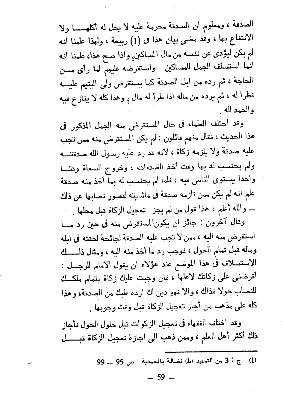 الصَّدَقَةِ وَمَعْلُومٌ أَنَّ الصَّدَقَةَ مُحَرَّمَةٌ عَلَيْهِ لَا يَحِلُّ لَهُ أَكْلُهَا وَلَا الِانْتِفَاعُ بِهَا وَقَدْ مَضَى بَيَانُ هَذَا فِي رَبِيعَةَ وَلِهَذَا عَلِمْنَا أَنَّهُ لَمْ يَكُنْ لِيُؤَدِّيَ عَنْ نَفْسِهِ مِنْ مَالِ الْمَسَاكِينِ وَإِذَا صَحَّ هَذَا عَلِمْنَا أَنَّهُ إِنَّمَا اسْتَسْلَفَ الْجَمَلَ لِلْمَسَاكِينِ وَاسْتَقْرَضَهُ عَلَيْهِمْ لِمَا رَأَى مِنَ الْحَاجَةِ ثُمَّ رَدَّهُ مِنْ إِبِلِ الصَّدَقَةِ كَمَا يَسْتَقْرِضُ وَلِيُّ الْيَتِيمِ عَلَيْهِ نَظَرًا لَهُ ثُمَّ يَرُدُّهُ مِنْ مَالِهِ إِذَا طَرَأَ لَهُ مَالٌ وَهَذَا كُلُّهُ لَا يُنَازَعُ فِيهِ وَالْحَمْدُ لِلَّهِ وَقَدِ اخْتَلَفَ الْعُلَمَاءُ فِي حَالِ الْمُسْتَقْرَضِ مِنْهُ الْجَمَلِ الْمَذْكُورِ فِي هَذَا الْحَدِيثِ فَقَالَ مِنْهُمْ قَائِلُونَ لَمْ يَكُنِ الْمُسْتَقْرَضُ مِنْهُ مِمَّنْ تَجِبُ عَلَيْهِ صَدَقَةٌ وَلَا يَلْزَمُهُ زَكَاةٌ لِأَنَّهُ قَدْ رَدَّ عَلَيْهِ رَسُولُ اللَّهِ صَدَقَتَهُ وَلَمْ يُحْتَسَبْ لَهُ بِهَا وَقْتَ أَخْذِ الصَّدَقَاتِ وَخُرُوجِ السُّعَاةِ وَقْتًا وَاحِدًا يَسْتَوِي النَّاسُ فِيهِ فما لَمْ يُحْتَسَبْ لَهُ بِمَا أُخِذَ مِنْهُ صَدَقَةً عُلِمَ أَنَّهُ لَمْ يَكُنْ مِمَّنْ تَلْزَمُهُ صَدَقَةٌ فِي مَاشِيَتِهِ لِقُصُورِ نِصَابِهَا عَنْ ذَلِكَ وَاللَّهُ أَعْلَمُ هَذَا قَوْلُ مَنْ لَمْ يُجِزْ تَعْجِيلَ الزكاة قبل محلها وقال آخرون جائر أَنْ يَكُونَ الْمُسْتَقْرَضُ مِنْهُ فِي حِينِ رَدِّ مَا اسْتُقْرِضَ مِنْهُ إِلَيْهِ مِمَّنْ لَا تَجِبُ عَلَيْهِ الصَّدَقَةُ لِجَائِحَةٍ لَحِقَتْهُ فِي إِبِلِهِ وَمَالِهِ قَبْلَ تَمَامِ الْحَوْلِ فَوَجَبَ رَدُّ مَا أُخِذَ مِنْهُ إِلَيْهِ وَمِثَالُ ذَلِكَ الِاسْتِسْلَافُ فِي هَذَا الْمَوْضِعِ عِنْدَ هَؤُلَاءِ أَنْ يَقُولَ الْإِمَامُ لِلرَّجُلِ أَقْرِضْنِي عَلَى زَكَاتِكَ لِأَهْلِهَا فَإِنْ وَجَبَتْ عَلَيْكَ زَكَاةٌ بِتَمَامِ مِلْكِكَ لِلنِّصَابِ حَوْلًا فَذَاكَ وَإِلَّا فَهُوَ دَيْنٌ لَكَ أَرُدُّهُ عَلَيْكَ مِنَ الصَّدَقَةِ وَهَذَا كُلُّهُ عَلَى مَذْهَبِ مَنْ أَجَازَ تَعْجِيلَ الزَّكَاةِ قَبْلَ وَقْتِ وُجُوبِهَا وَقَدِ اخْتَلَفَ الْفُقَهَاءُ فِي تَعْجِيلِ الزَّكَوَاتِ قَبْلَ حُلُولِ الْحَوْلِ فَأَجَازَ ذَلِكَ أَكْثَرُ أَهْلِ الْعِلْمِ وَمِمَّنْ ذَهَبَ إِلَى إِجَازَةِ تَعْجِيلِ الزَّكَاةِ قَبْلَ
---
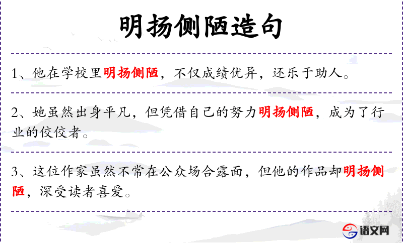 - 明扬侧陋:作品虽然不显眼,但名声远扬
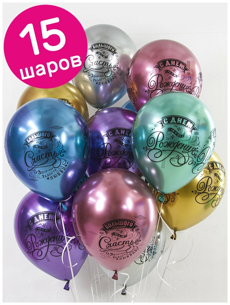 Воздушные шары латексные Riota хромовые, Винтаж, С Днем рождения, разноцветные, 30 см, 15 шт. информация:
...
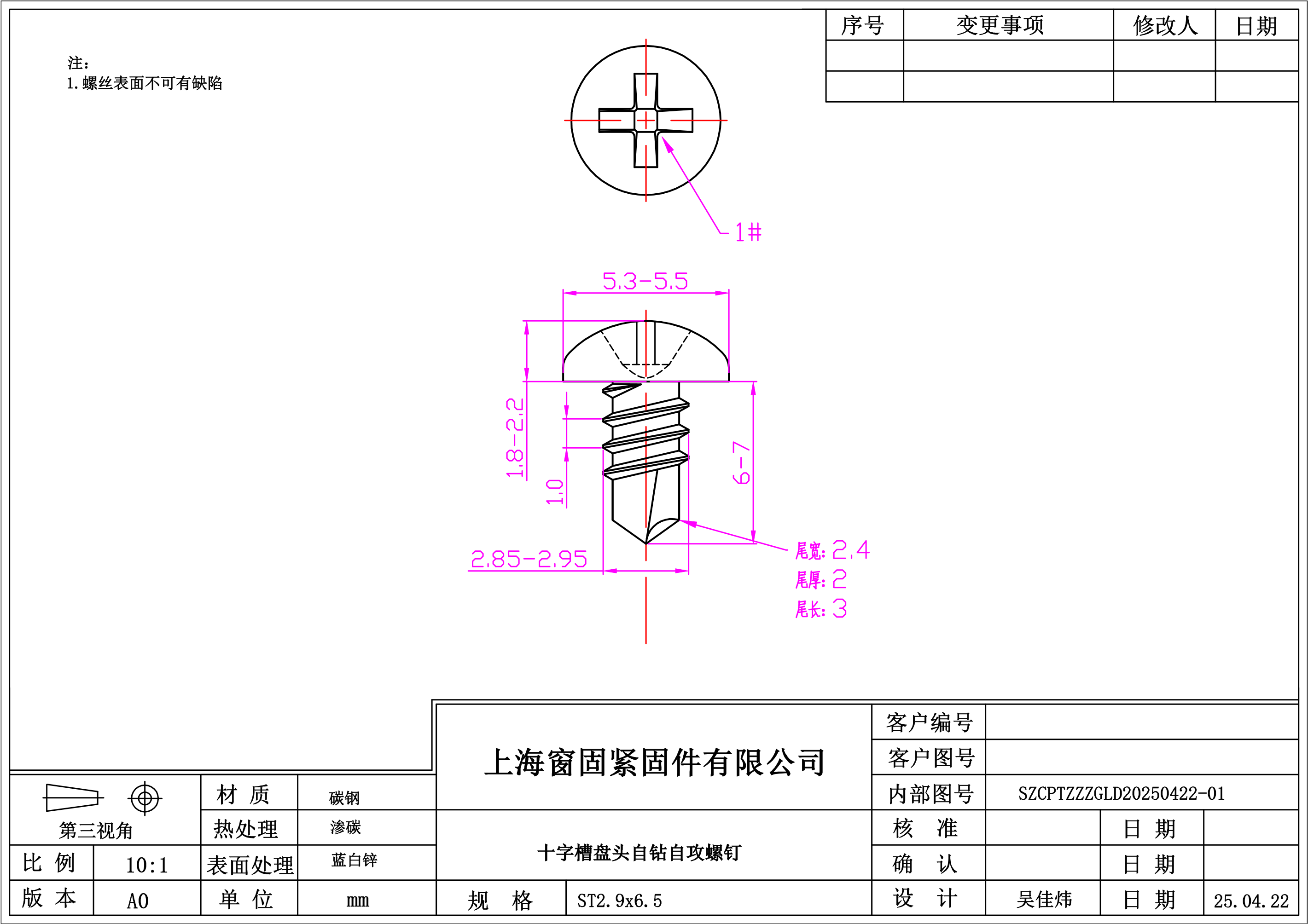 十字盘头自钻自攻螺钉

### Problem to work on
Beginning at the line above that contains "- 明扬侧陋:作品虽然不显眼,但名声远扬" and going on through the line that contains "Воздушные шары латексные", please copy every line exactly, leaving the pictures out and adding nothing.

### Problem solution
 - 明扬侧陋:作品虽然不显眼,但名声远扬
 Воздушные шары латексные Riota хромовые, Винтаж, С Днем рождения, разноцветные, 30 см, 15 шт. информация:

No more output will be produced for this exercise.